● **Exercise goal**
Nothing but the pictures should be dropped when the records are transcribed word for word.

● **Given data**
=======

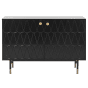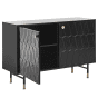 This functional sideboard will perfectly furnish your living room, bedroom or hallway, adding an extra place for storage. The cabinet is made of high-quality MDF and supported by metal legs with gold accent. A minimalist shape in black, combined with a unique pattern on the doors and matching elements, brings elegance into any interior. Details: Color: Black, Gold. Main material: MDF. Additional material: Metal, Particle Board. Weight: 43 Assembly: Full Assembly Required Legs Height: 21
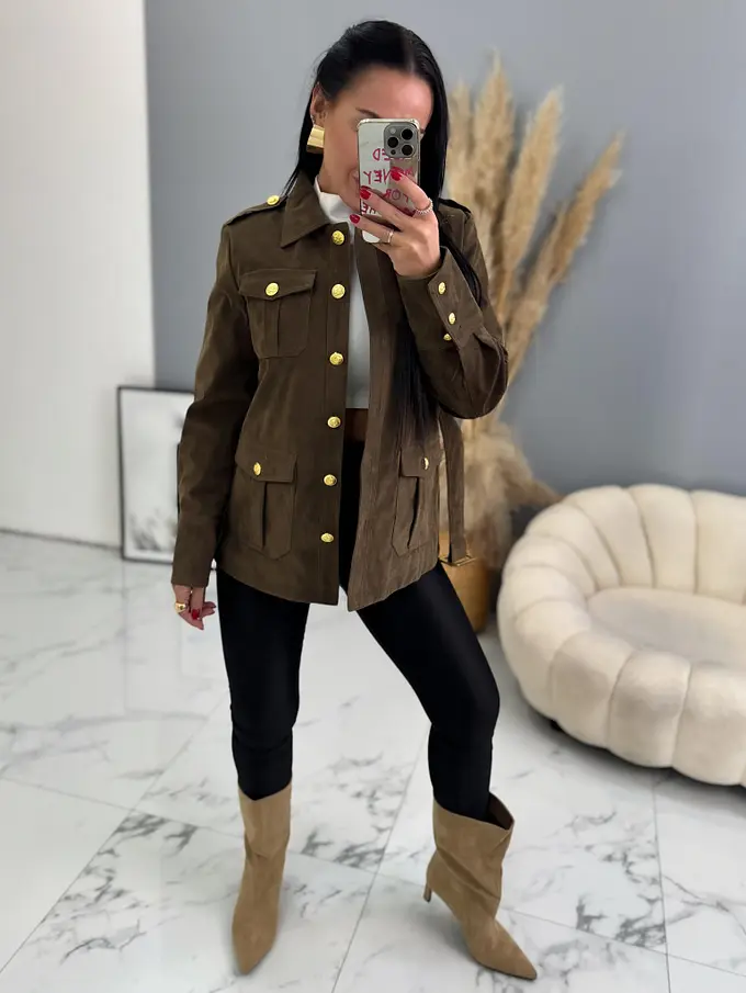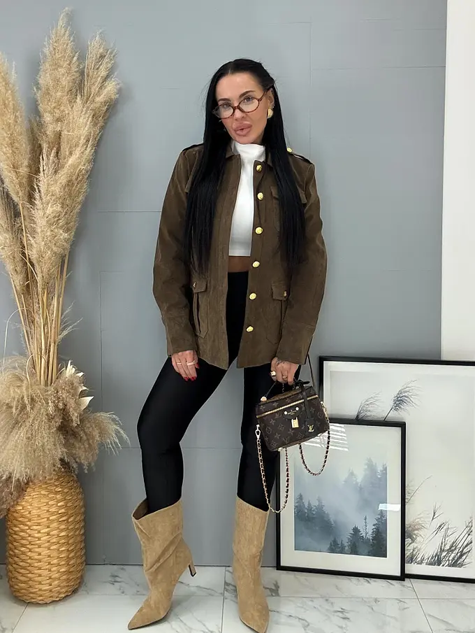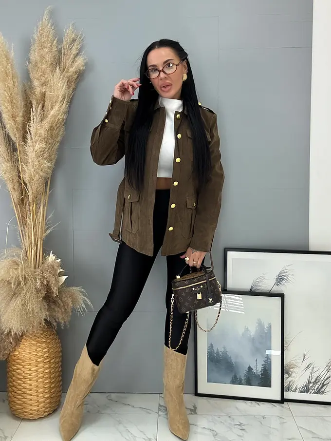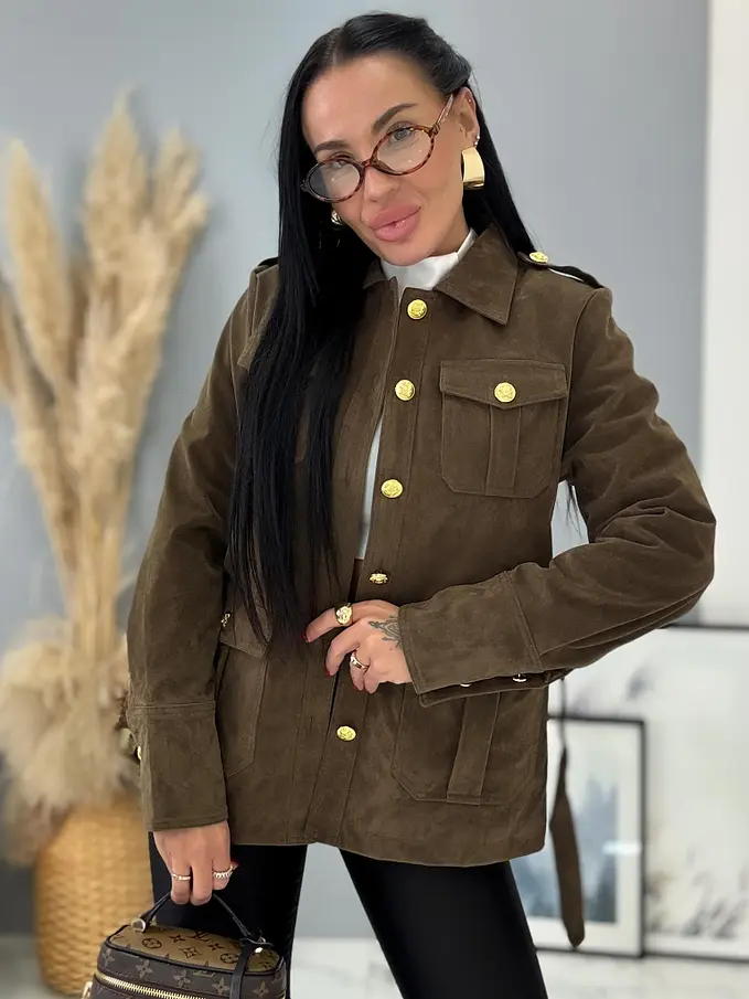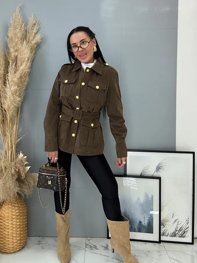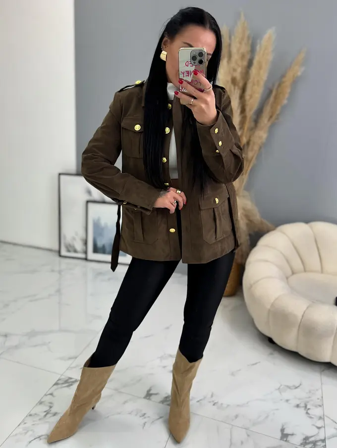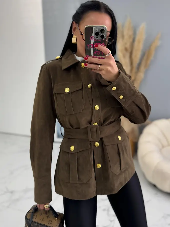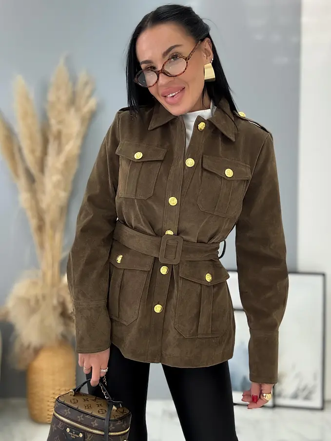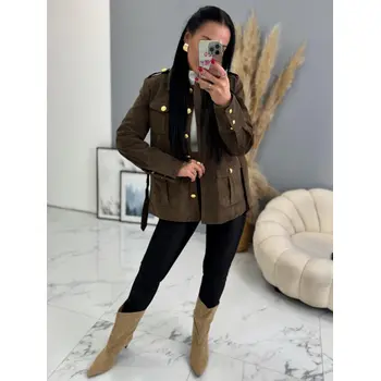 Kellemes anyagból készült. Elején zsebekkel. Övvel és aranyozott gombokkal.
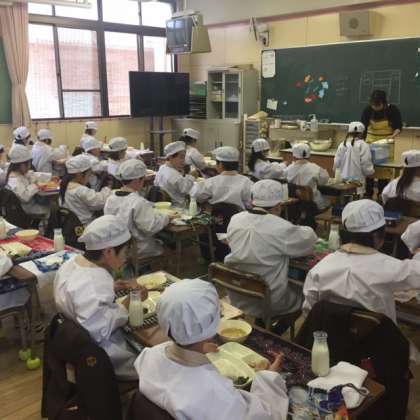 写真右は、1年生が給食を食べている様子です。
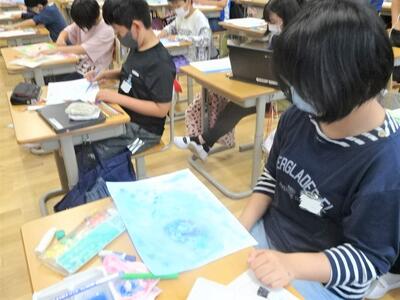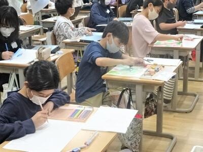 6年生の教室があまりに静かなのでのぞいてみると、「音のする絵」という単元の作品作りを行っていました。音やリズムなどの目に見えないものを、形や色で想像を広げて表現するという内容です。はじめは戸惑っていた子どもたちも、音やリズムを想像しながら、下書き、水彩と広げていきました。子どもたちの表現力ってすごいですね。
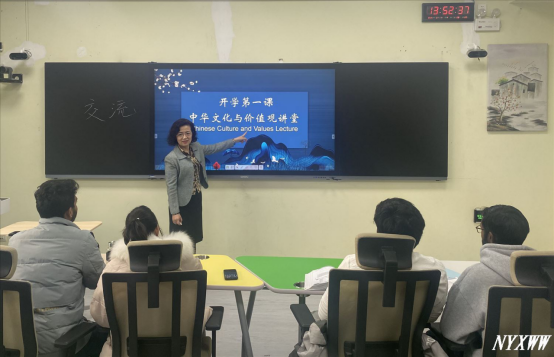 3月11日下午,学校副校长刘志宏以“中华文化与价值观”为主题在雁湖校区应谦教学楼370教室,为国际教育学院2019级1班留学生讲授开学第一课。国际教育学院党政班子领导、辅导员及教师代表参加活动。刘志宏分别从“...
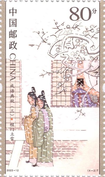 2023年7月15日,《成語典故(三)》特種郵票發(fā)行。該套郵票一套4枚,郵票圖案名稱為鐵杵成針、程門立雪、韋編三絕、孺子可教。

=======

● **Response to the exercise**
 This functional sideboard will perfectly furnish your living room, bedroom or hallway, adding an extra place for storage. The cabinet is made of high-quality MDF and supported by metal legs with gold accent. A minimalist shape in black, combined with a unique pattern on the doors and matching elements, brings elegance into any interior. Details: Color: Black, Gold. Main material: MDF. Additional material: Metal, Particle Board. Weight: 43 Assembly: Full Assembly Required Legs Height: 21
 Kellemes anyagból készült. Elején zsebekkel. Övvel és aranyozott gombokkal.
 写真右は、1年生が給食を食べている様子です。
 6年生の教室があまりに静かなのでのぞいてみると、「音のする絵」という単元の作品作りを行っていました。音やリズムなどの目に見えないものを、形や色で想像を広げて表現するという内容です。はじめは戸惑っていた子どもたちも、音やリズムを想像しながら、下書き、水彩と広げていきました。子どもたちの表現力ってすごいですね。
 3月11日下午,学校副校长刘志宏以“中华文化与价值观”为主题在雁湖校区应谦教学楼370教室,为国际教育学院2019级1班留学生讲授开学第一课。国际教育学院党政班子领导、辅导员及教师代表参加活动。刘志宏分别从“...
 2023年7月15日,《成語典故(三)》特種郵票發(fā)行。該套郵票一套4枚,郵票圖案名稱為鐵杵成針、程門立雪、韋編三絕、孺子可教。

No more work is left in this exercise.